### TASK STATEMENT
The full set of lines below has to be duplicated exactly, with no picture kept.

### DATA PROVIDED
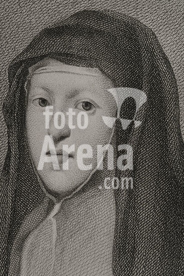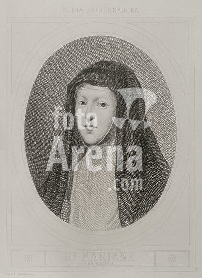 alb5516403 Mariana of Austria (1634-1696). Queen consort of Spain (1649-1665) as second wife of Philip IV and regent (1665-1675) as mother of Charles II (1661-1700). Portrait. Engraving by Masson. Lithography by Magín Pujadas. Detail. Historia General de España, by Modesto Lafuente. Volume III. Published in Barcelona, 1879. Author: Magín Pujadas. 19th-century Spanish engraver and lithographer. Alphonse Masson (1810/14-1898). French etcher.
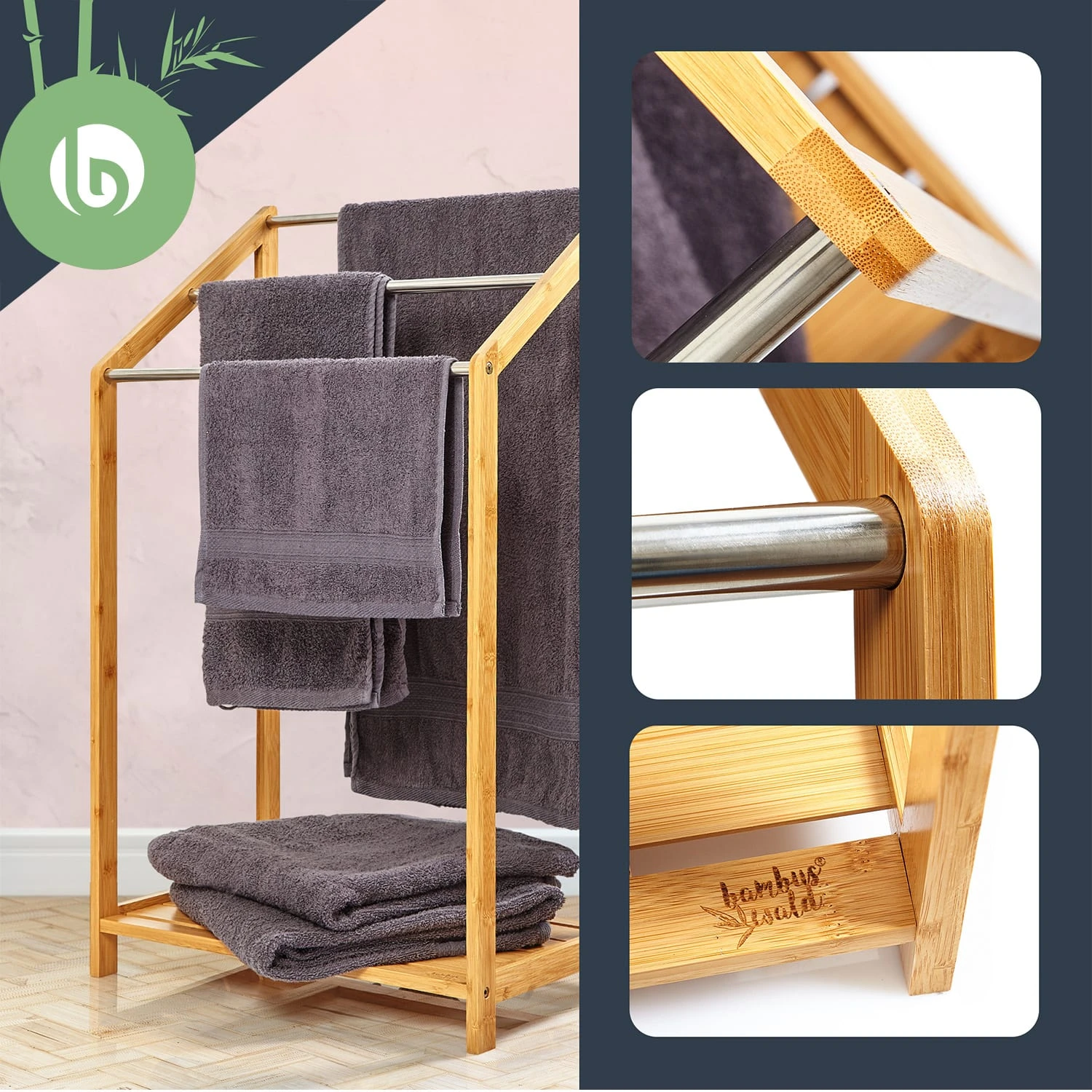 Handtuchhalter 3-fache Metallstreben 51x86x31cm Stufenenoptik Bambus -Innovation Home Appliances Store 10038104 yy 0005 logo
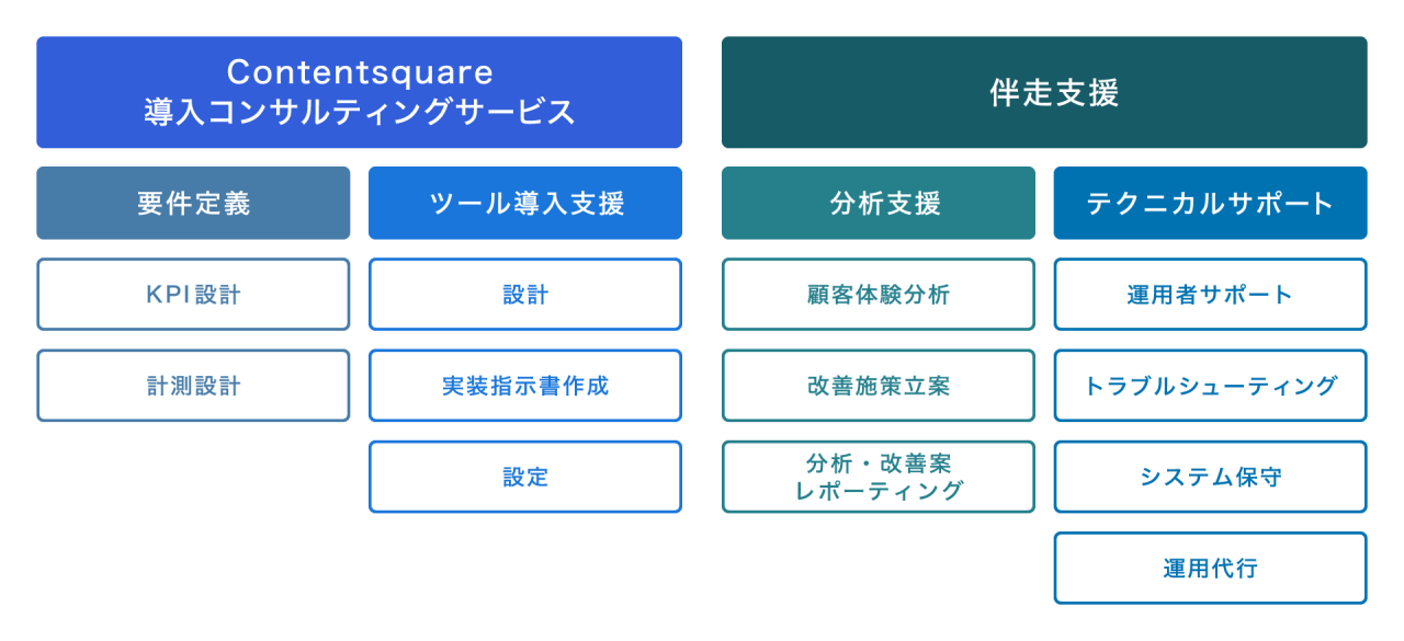 電通デジタルでは、Contentsquareの導入準備から設定・運用・分析・改善まで、幅広くサポートを行っています。

### RESULT BELOW
 alb5516403 Mariana of Austria (1634-1696). Queen consort of Spain (1649-1665) as second wife of Philip IV and regent (1665-1675) as mother of Charles II (1661-1700). Portrait. Engraving by Masson. Lithography by Magín Pujadas. Detail. Historia General de España, by Modesto Lafuente. Volume III. Published in Barcelona, 1879. Author: Magín Pujadas. 19th-century Spanish engraver and lithographer. Alphonse Masson (1810/14-1898). French etcher.
 Handtuchhalter 3-fache Metallstreben 51x86x31cm Stufenenoptik Bambus -Innovation Home Appliances Store 10038104 yy 0005 logo
 電通デジタルでは、Contentsquareの導入準備から設定・運用・分析・改善まで、幅広くサポートを行っています。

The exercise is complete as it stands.